* [What is being asked]: For this exercise, return only the lines in the records below from the one holding "Rainbow Six Colors" through the one holding "In fünf Monaten", including both, exactly as they appear and without pictures.

[Data for this exercise — start]

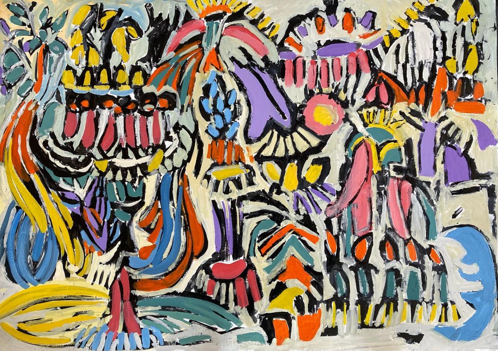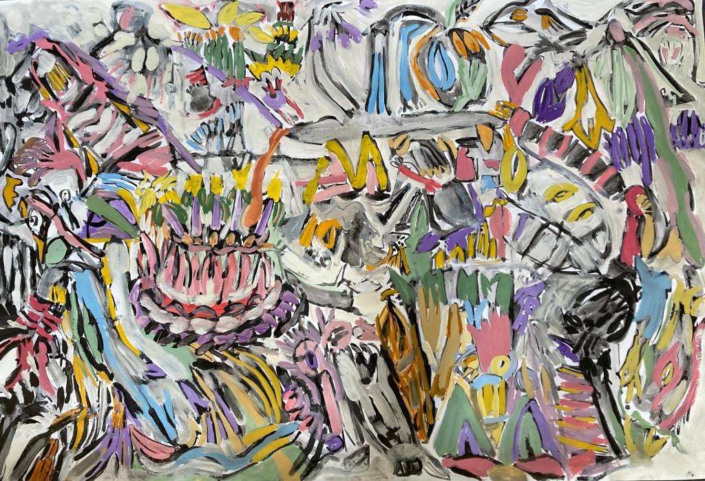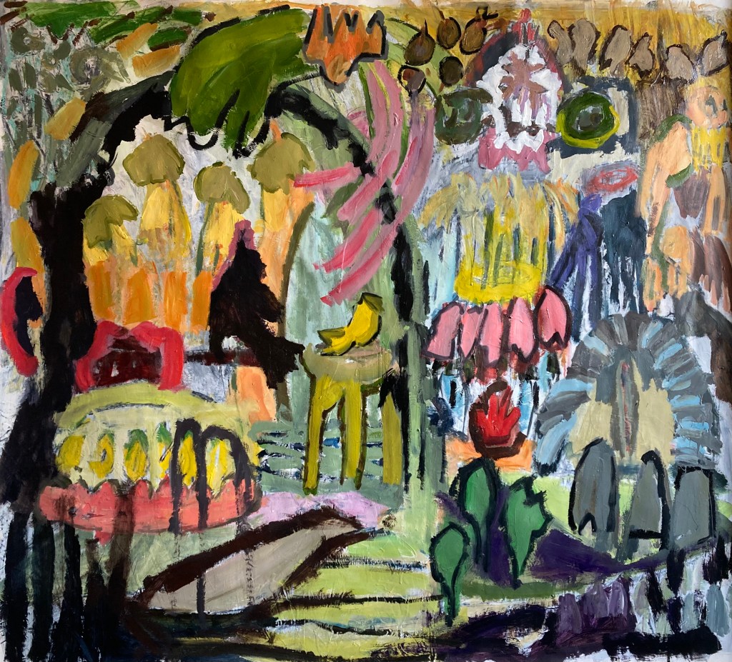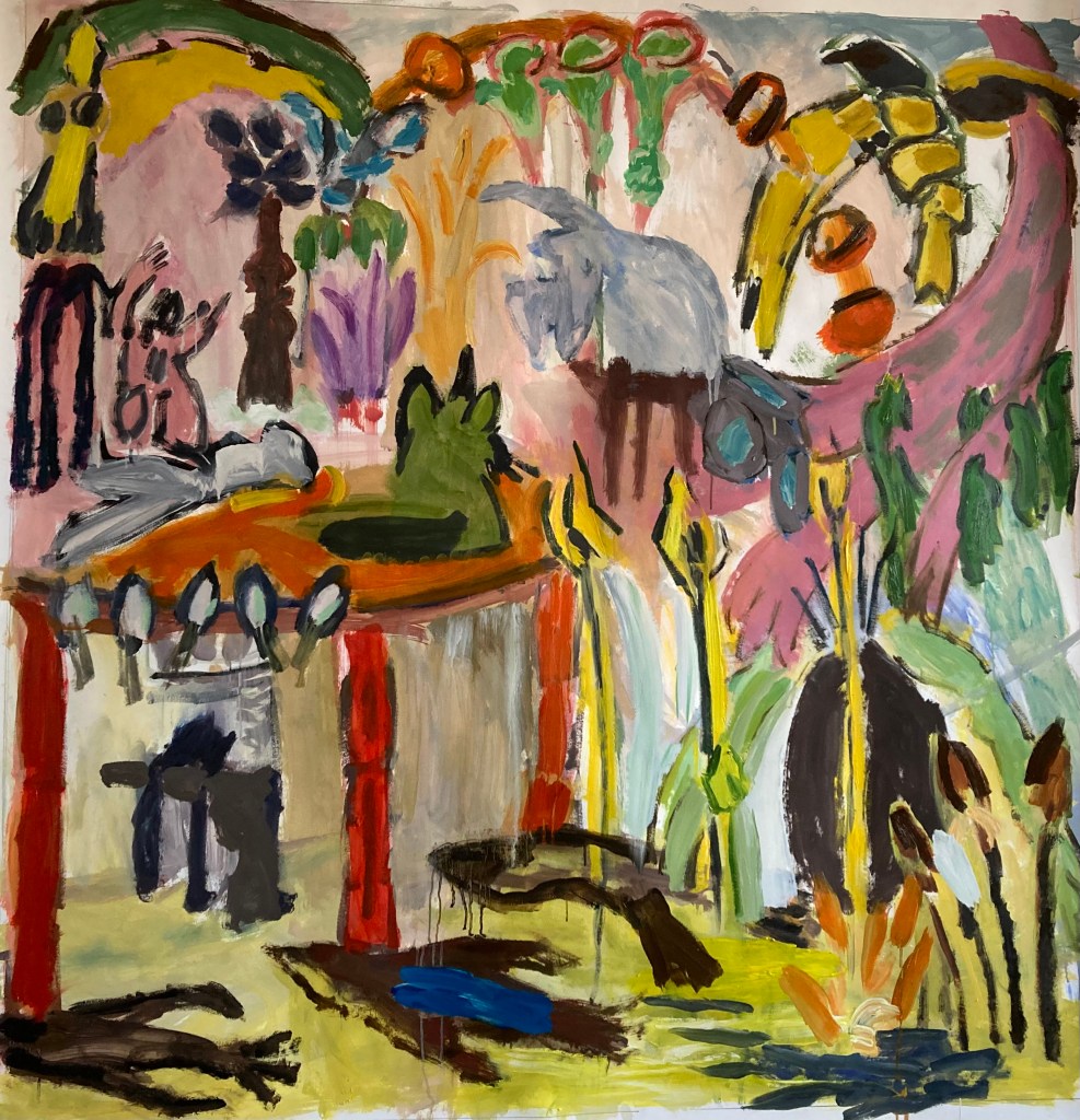 I am currently focused on painting. My paintings develop through doing more. The thinking is done primarily in front of the canvas and the actions are attempts to describe the thoughts. I approach the canvas with only a vague plan in mind, the plan shifts as the painting develops… reflection occurs somewhere between painting bouts. The tools are the same building blocks that formal painting has employed infinitum; the combinations of colour, line and shape are limitless. When I was at art school in the 80’s, painting was claimed by many, to be dead; everything had apparently been done. Perhaps it had… but certainly not by me. Consequently I continue to paint in order understand my relationship to myself, the world… and to the act of painting itself. I love the texture and innate expressive quality of oil colour and its respective mediums. The paintings are currently deconstructed narratives, reshaped to fit within a pictorial context… the paintings are as much about the nature and making of paintings as they are about personal narratives. This is important as it gives the viewer the ability to access the paintings with more freedom.
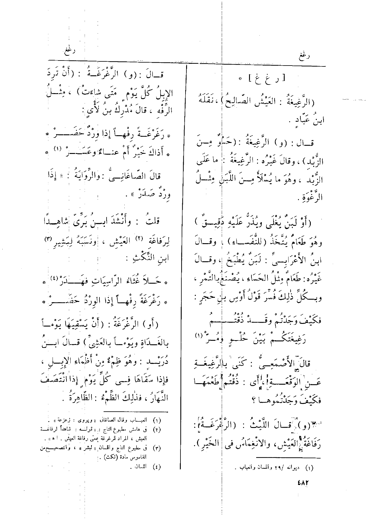 قالَ: والرَّغْرَغَةُ: أنْ تَرِدَ الإبِلُ كُلَّ يَوْمٍ مَتى شاءَتْ، مِثْلُ الرِّفْهِ، قالَ مُدْرِكُ بنُ لأْيٍ:! رَغَرْغَةً رِفْهاً إِذا وِرْدٌ حضَرْ أذاكَ خَيْرٌ أم عناءٌ وعَسَرْ قالَ الصّاغَانِيُّ: والرِّوايَةُ: إِذا وِرْدٌ صَدَرْ.
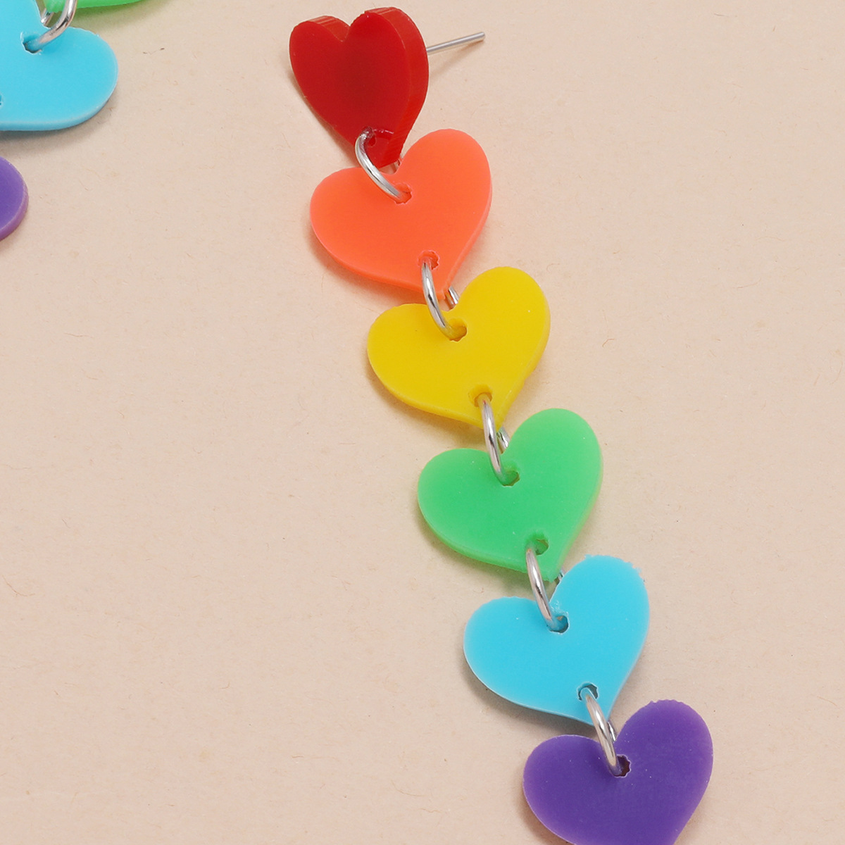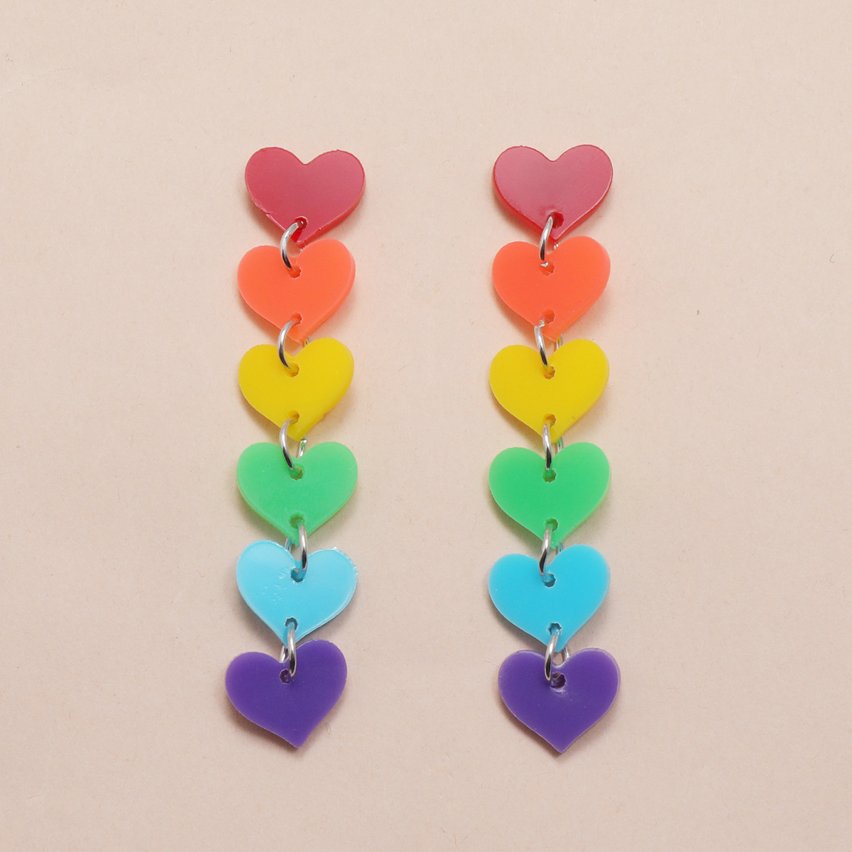 Rainbow Six Colors Acrylic Heart Earrings Cute Macaroon Earrings
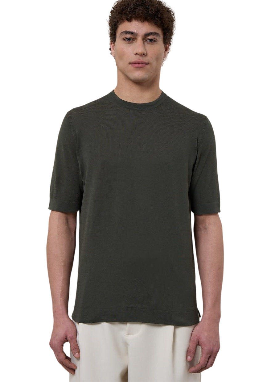 FILIPPO DE LAURENTIIS T-SHIRT COTONE CREPE VERDE MILITARE
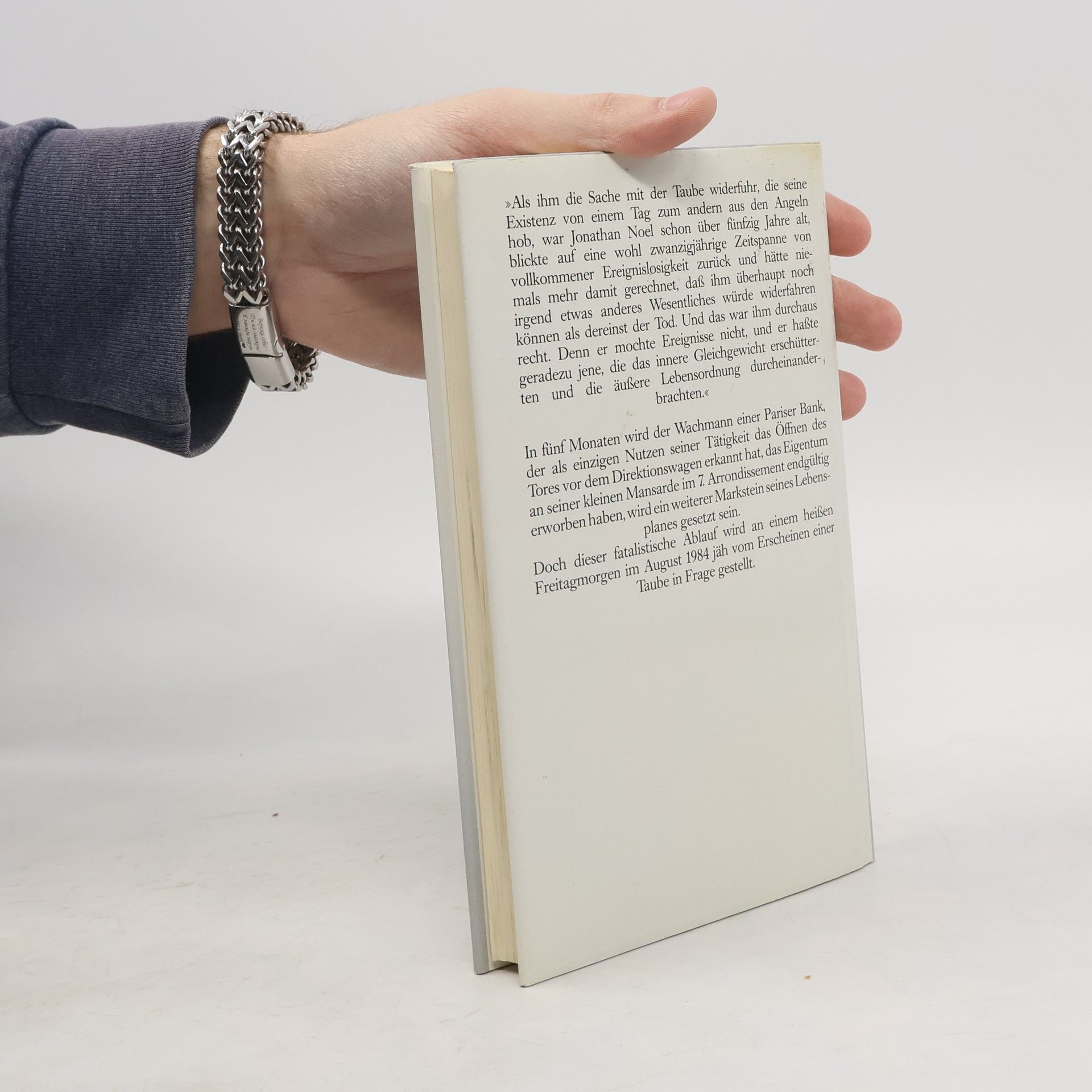 In fünf Monaten wird der Wachmann einer Pariser Bank, der als einzigen Nutzen seiner Tätigkeit das Öffnen des Tores vor dem Direktionswagen erkannt hat, das Eigentum an seiner kleinen Mansarde endgültig erworben haben, wird ein weiterer Markstein seines Lebensplanes gesetzt sein. Doch dieser fatalistische Ablauf wird an einem heißen Freitagmorgen im August 1984 jäh vom Erscheinen einer Taube in Frage gestellt.
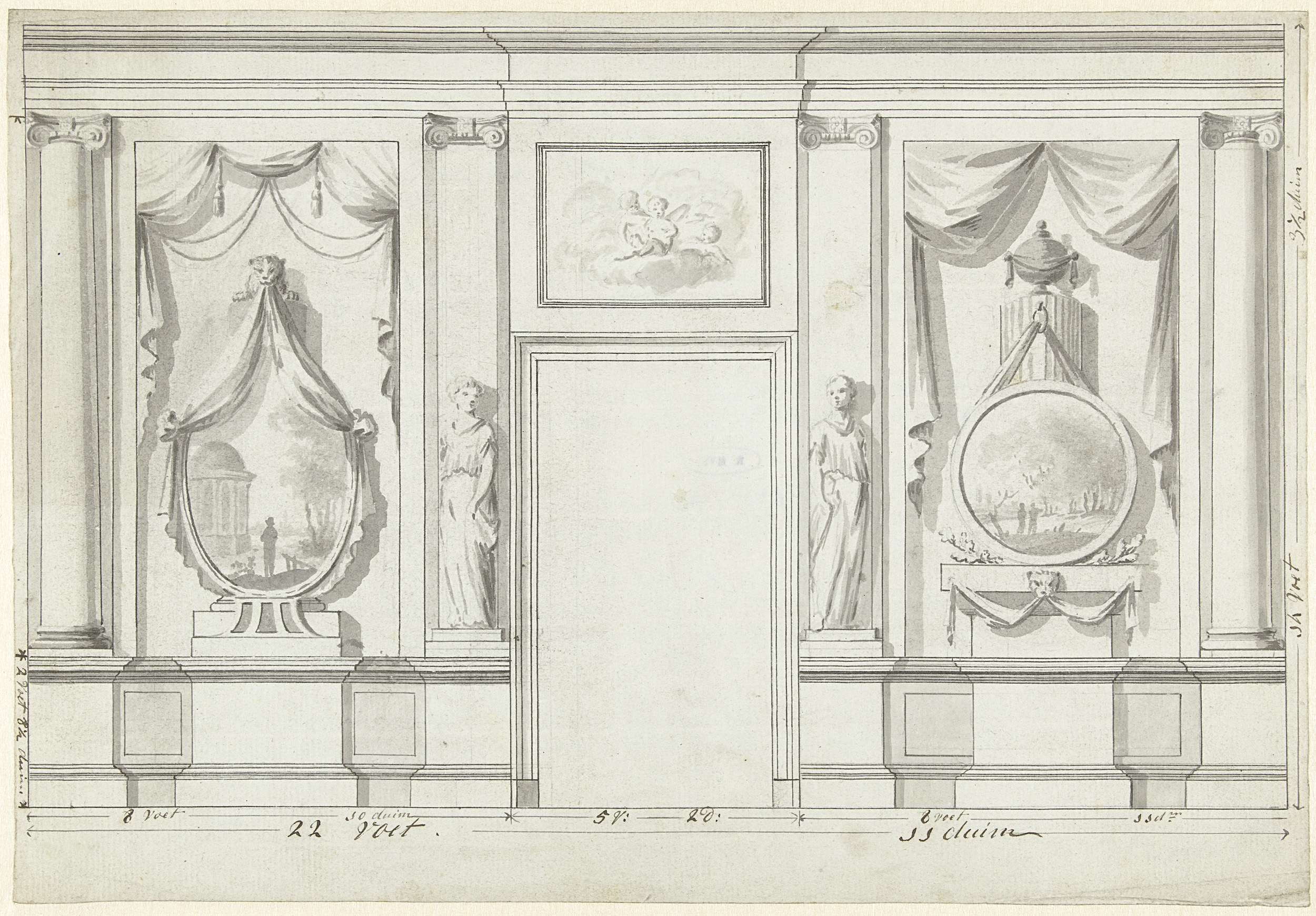 Ontwerp voor kamerversiering met twee panelen met landschappen en een deur met aan weerszijden standbeelden van vrouwen

[Data for this exercise — finish]

* [Response to this exercise]:
 Rainbow Six Colors Acrylic Heart Earrings Cute Macaroon Earrings
 FILIPPO DE LAURENTIIS T-SHIRT COTONE CREPE VERDE MILITARE
 In fünf Monaten wird der Wachmann einer Pariser Bank, der als einzigen Nutzen seiner Tätigkeit das Öffnen des Tores vor dem Direktionswagen erkannt hat, das Eigentum an seiner kleinen Mansarde endgültig erworben haben, wird ein weiterer Markstein seines Lebensplanes gesetzt sein. Doch dieser fatalistische Ablauf wird an einem heißen Freitagmorgen im August 1984 jäh vom Erscheinen einer Taube in Frage gestellt.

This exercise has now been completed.